• Given information
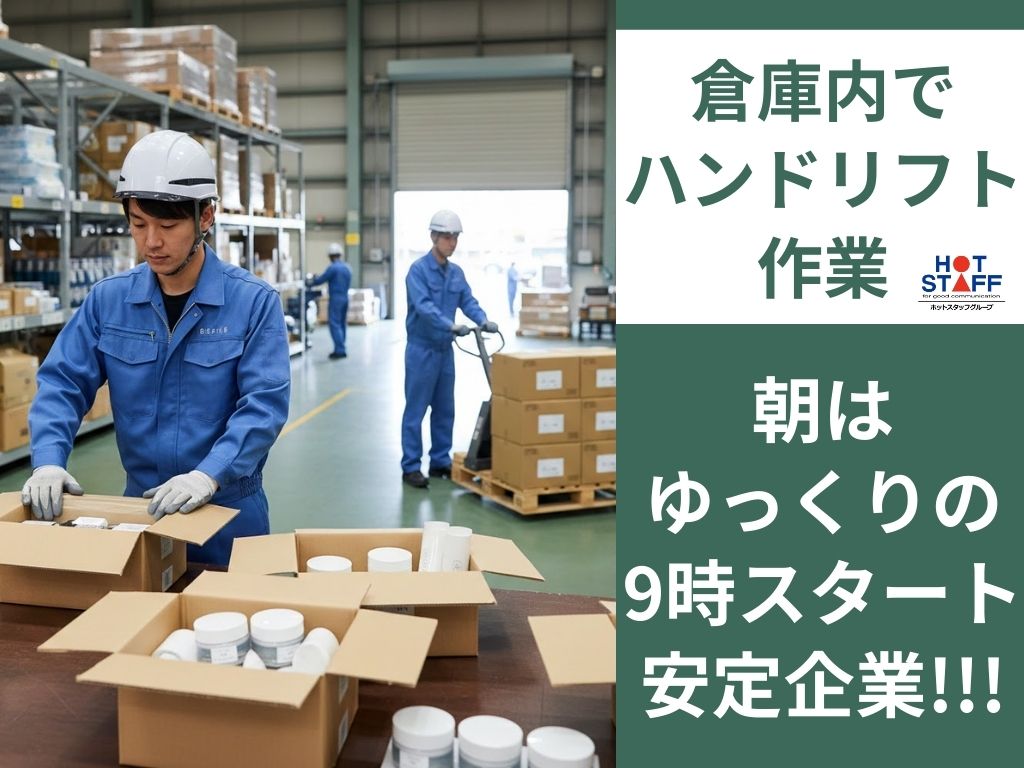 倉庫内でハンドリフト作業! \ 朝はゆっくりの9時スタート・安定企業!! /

==

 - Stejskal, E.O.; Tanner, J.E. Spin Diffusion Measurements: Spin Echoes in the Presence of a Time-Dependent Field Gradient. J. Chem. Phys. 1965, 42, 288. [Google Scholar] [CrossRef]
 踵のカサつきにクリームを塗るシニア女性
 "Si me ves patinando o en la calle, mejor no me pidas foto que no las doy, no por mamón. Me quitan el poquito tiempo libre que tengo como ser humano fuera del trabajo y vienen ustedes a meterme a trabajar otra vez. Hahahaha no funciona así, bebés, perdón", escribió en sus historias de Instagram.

• Problem description
From the data above, output only the lines between the line containing "- Stejskal, E.O.;" and the line containing "踵のカサつきにクリームを塗るシニア女性", inclusive, exactly as written.

• Written solution
 - Stejskal, E.O.; Tanner, J.E. Spin Diffusion Measurements: Spin Echoes in the Presence of a Time-Dependent Field Gradient. J. Chem. Phys. 1965, 42, 288. [Google Scholar] [CrossRef]
 踵のカサつきにクリームを塗るシニア女性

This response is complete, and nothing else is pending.